Networking and distributed coordination protocols are one good example. They run in parallel, and are themselves a key to cloud services. In our work on Declarative Networking over the last years, we showed that a wide range of network and distributed coordination protocols are remarkably easy to express in a data-centric language. For example, our version of the Chord Distributed Hash Table (DHT) protocol is 47 lines of our Overlog language; the reference implementation is over 10,000 lines of C++. (DHTs are a key component of cloud services like Amazon’s Dynamo.) Meanwhile, graduate students at Harvard prototyped a simple version of the tricky Paxos consensus protocol in an alpha edition of Overlog in 44 rules. (Paxos is a key component in cloud infrastructure like Google’s GFS file system and Chubby lock manager.) We have other examples where our declarative programs are line-for-line translations of pseudo-code from research papers. These are the kinds of scenarios where the quantitative differences are best captured qualitatively. You can print out our Chord implementation on one sheet of paper, take it down to the coffee shop, and figure it out. Doing that with 10,000 lines of C++ would be a superhuman feat of Programmer-Fu, and a big waste of paper.

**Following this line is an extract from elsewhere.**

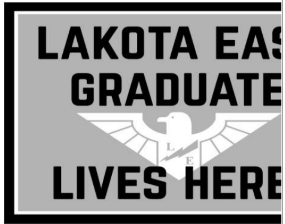
New Design Signs $20 each

Machine Learning is another area where data-centric declarative programming seems to help with parallelism and distribution. A group at Stanford pointed to a range of standard machine learning tasks that can be expressed almost trivially as MapReduce programs, without any requirement for parallel programming expertise. More deeply, a number of the fundamental algorithms driving Machine Learning center on “message-passing” algorithms like Belief Propagation and Junction Trees that work on a computational model of explicit dataflow, rather than shared memory. Research in ML over sensornets showed how to overlay that logical communication onto a physical network. And these inference networks — much like DHTs — turn out to be a good fit to Overlog. (Distributed Junction Trees in 39 rules, anyone?) The Dyna language is another good example, with a focus on (currently single-node) Natural Language Processing.
I’ll be the first to admit that Datalog syntax is horrible, and it is not a reasonable language for developers. There is much to be done before adoption of complex data-centric languages can occur. But what excites me here is that the main positive trend in parallel programming — the one driven by the Industrial Revolution of Data, the one with programmer feet on the street — that trend feeds into this promising new generation of much richer data-centric languages. If MapReduce is the boot camp for a next round of parallel languages, those languages are likely to be data-centric. And there’s growing reason to believe that the data-centric approach will suit a wide range of tasks.
– Joe Hellerstein is a Professor of Computer Science at the University of California, Berkeley. His research focuses on data management and networking.